The hate crime had been the capper on his first date with Blay, and he had nearly died from the injuries: There had been no going for medical help—Havers, the only physician in the race, was a devoted traditionalist, and was in the practice of turning away known homosexuals from treatment. And going to a human doctor had been a no-go. Yes, there were twenty-four-hour clinics open in the city, but it had taken all the energy he’d had left to drag himself home—and he’d been too ashamed to call anyone for help.
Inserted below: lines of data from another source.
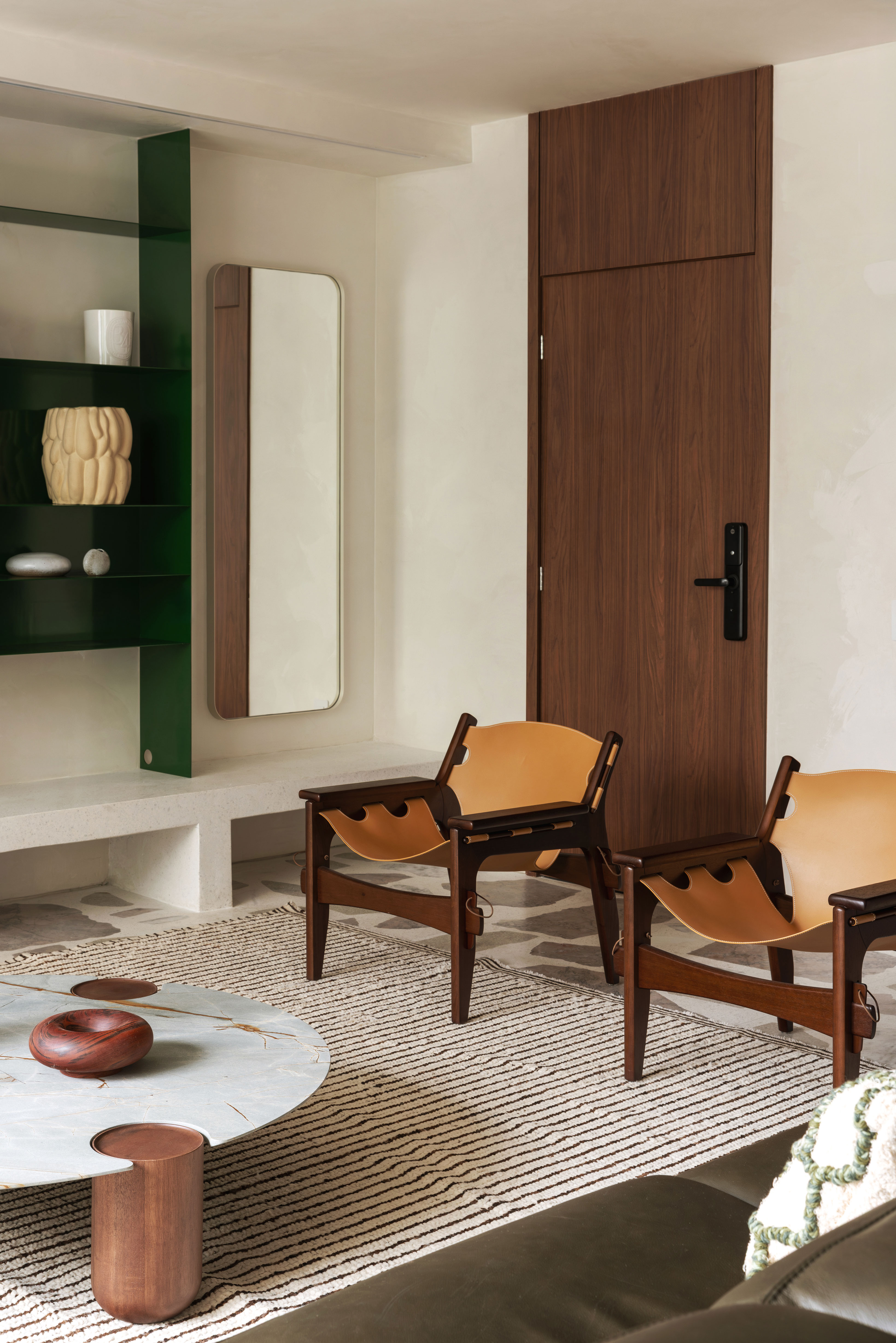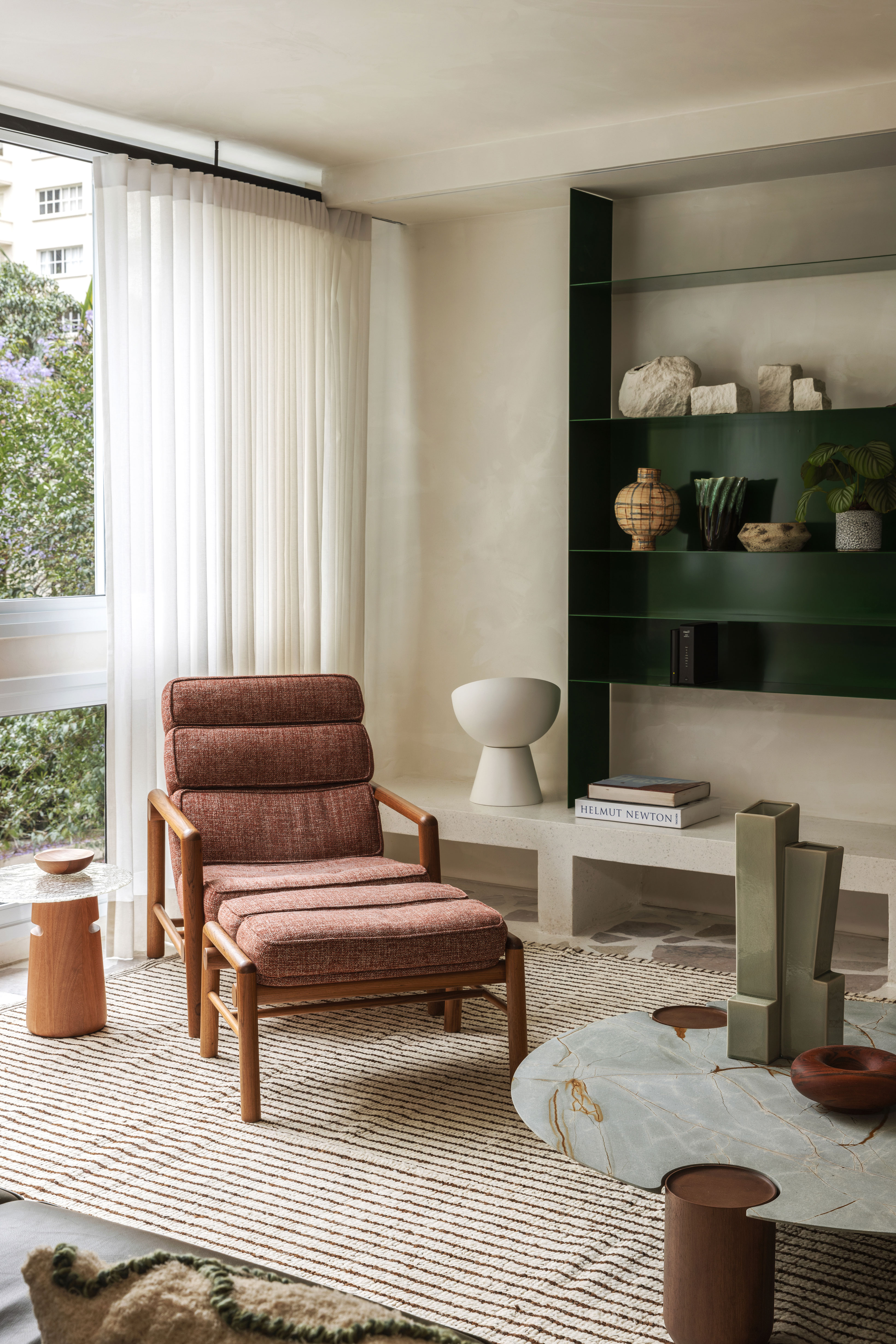 A curadoria de móveis e objetos do Apartamento Pernambuco buscou um diálogo entre o prédio modernista e as formas puras que refletem a essência do design contemporâneo
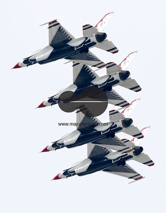• Image Description: The U.S Air Force Thunderbirds fly in formation on the second day of the Chicago Air and Water Show as seen here in the skies on the North side of Chicago. This is an annual air show held along the shores of Lake Michigan since 1959 and is the largest fre
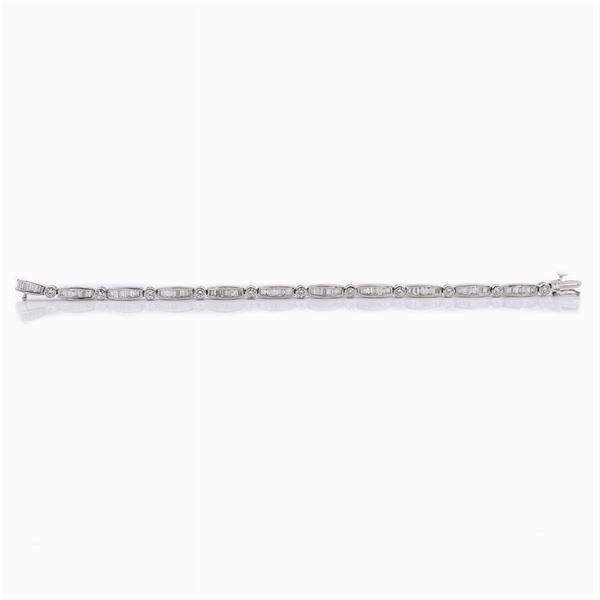 brilliant cut alternated with baguettes cut diamonds ct 4,20 ca, hidden closure, length 17 cm., peso 14,3 gr.
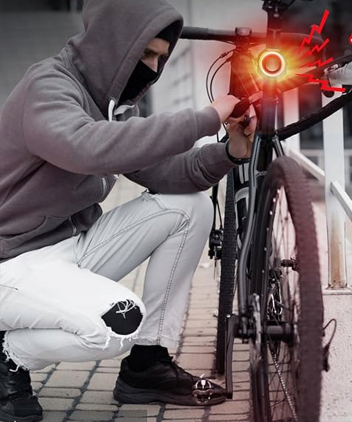 Гучна велосипедна сигналізація (110 дБ) із датчиком руху - ефективно відлякує злодіїв і захищає ваш велосипед. Високочутливий датчик виявляє найменший рух і негайно запускає сигнал тривоги. Ваш велосипед у безпеці, а ви спокійні.
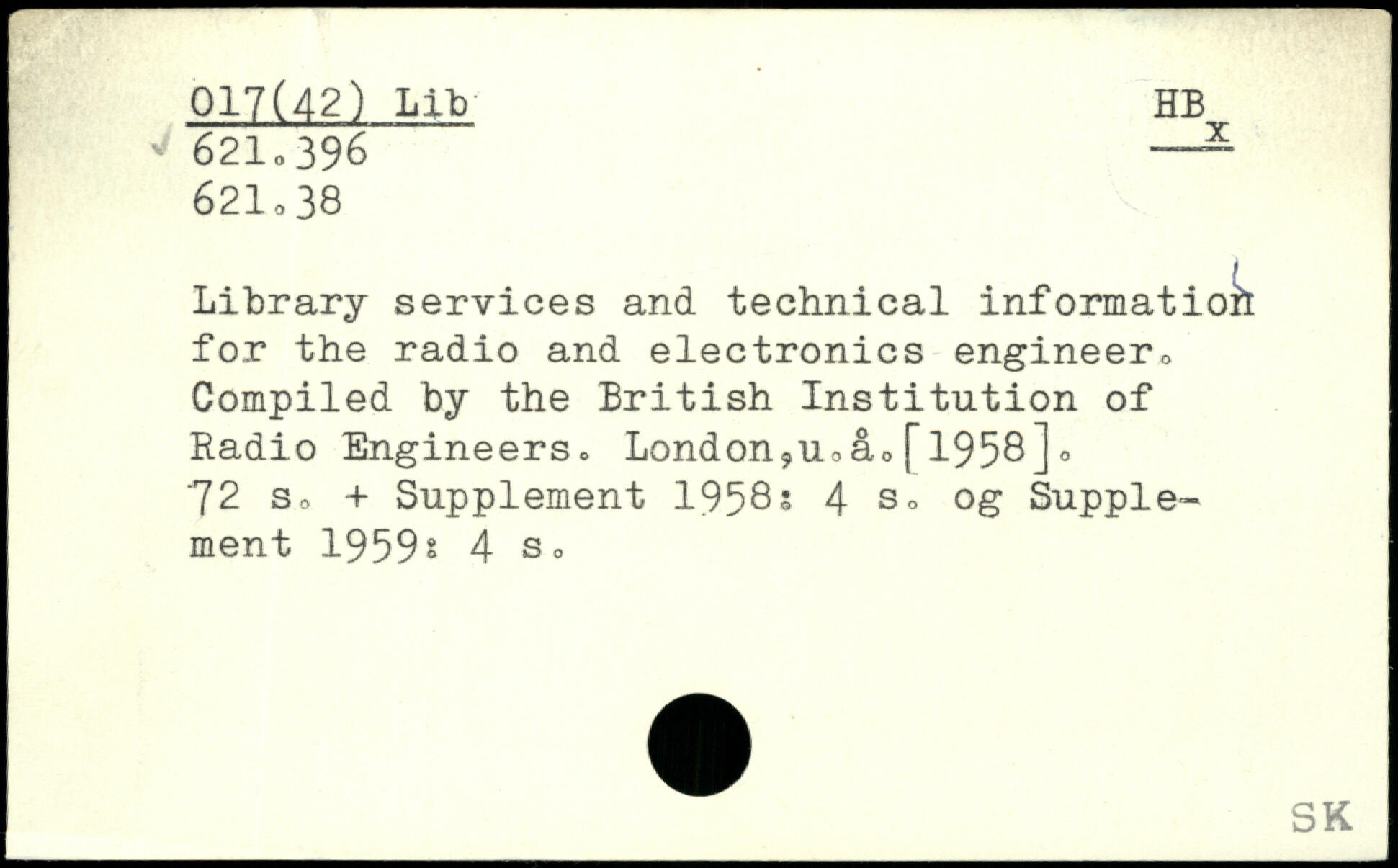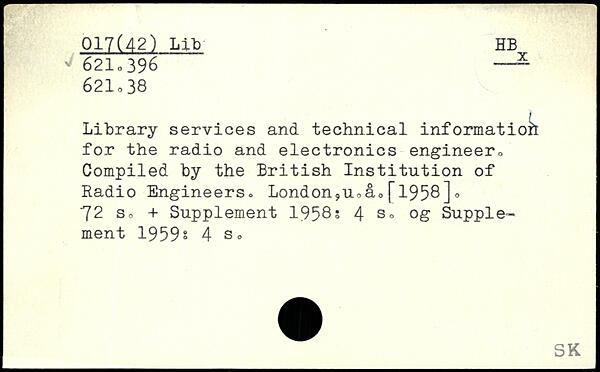 Library services and technical informatiofr for the radio and electronics engineer. Compiled by the British Institution of Radio Engineers, London9u,a, j~ 1958].
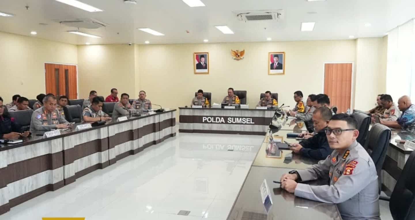 Palembang — Kapolda Sumsel memimpin langsung Video Conference (Vicon) Analisa dan Evaluasi (Anev) perkembangan situasi keamanan dan ketertiban masyarakat (kamtibmas) di wilayah Sumatera Selatan. Kegiatan tersebut berlangsung pada Jumat, 27 Februari 2026, pukul 13.00 WIB.
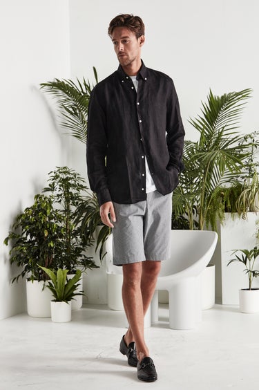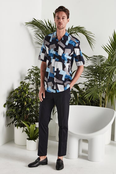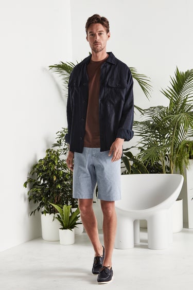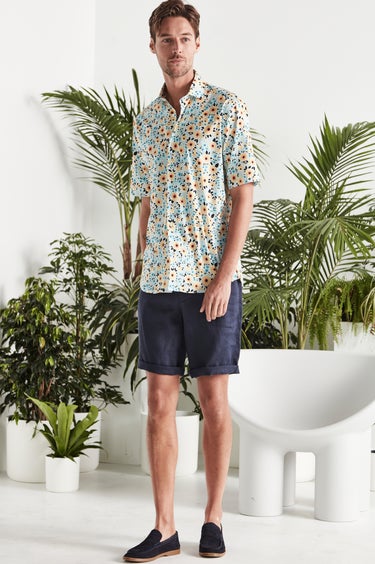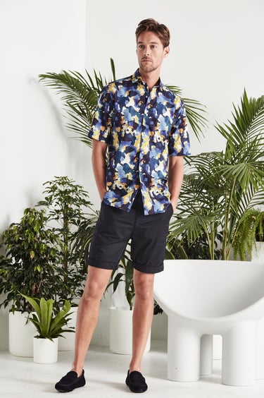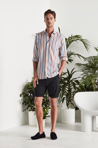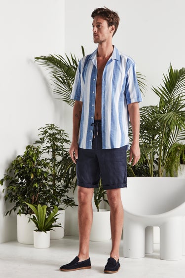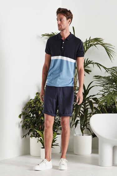 Pedro Navy & White Pin Side Adjuster Cotton Short

But Blay had shown up—and everything had changed for them.
For a while, at least.
“Did you hear what I said,” his father demanded.
“How wonderful for him—which cousin is it?”
“Enoch’s son. It was arranged. The families are going to have an eventing weekend to celebrate.”
“At their estate here or in South Carolina?”
“Here. It is time for the race to reestablish proper traditions in Caldwell. Without tradition, we are nothing.”
Read: You are worthless unless you get with the program.
Although naturally his father would couch the directive in much more scholarly terms.
Saxton frowned as he finally looked at the male. Sitting behind his desk, Tyhm had always been thin, an Ichabod Crane figure in suits that hung like funeral draping from his bony shoulders. Compared to their last visit, he appeared to have lost weight, his sharp features holding up his facial skin like supports under a pitched tent.
Saxton didn’t look anything like his sire, that dark hair and those dark eyes, that pale skin and lanky body not what the genetic lottery had dealt him. Instead, his mother and he had been pea-and-pod in disposition and decoration, fair and gray eyed with a healthy glow to their skin.
His father had often remarked on how similar he was to his mahmen—and looking back on it, he wasn’t sure that had been a compliment.
“So what are you doing for work,” his father muttered as he drummed his fingers on the leather blotter.
Over the male’s head, the portrait of his own father loomed with identical disapproval.
As Saxton was pegged with two sets of narrowed eyes, there was an almost irresistible urge to answer that question honestly: Saxton was, in fact, First Counsel to the King. And even in these times, when regard for the monarchy was at an all-time low, that was still impressive.
Especially to someone who revered the law like his father.
But no, Saxton thought. He was going to keep that to himself.
“I’m where I was,” he murmured.
“Trusts and estates is rather a complicated field. I was surprised you chose it. Who are some of your more recent clients?”
“You know I can’t divulge that information.”
His father brushed that aside. “It would not be anyone I know, surely.”
“No. Probably not.” Saxton tried to smile a little. “And you?”
That demeanor changed instantly, the subtle distaste ebbing out and being replaced by a mask that had all the revelatory quality of a slab of slate. “There are always things to command my attention.”
“Of course.”
As both of them continued speaking in a volley, the conversation remained stilted and irrelevant, and Saxton passed the time by putting his hand in his pocket and fitting his iPhone to his palm. He had planned his departure, and wondered when he could take his cue.
And then it came.
The phone on the desk, the one that had been made to appear “old-fashioned,” rang with an electronic bell that sounded as close to real as anything not actually brass could get.
“I’ll leave you,” Saxton said, taking a step back.
His father stared at the carefully hidden digital display … and appeared to forget how to answer the thing.
“Goodbye, F—” Saxton stopped himself. Ever since his orientation had been revealed, that was an f-word worse than fuck—at least when used by him.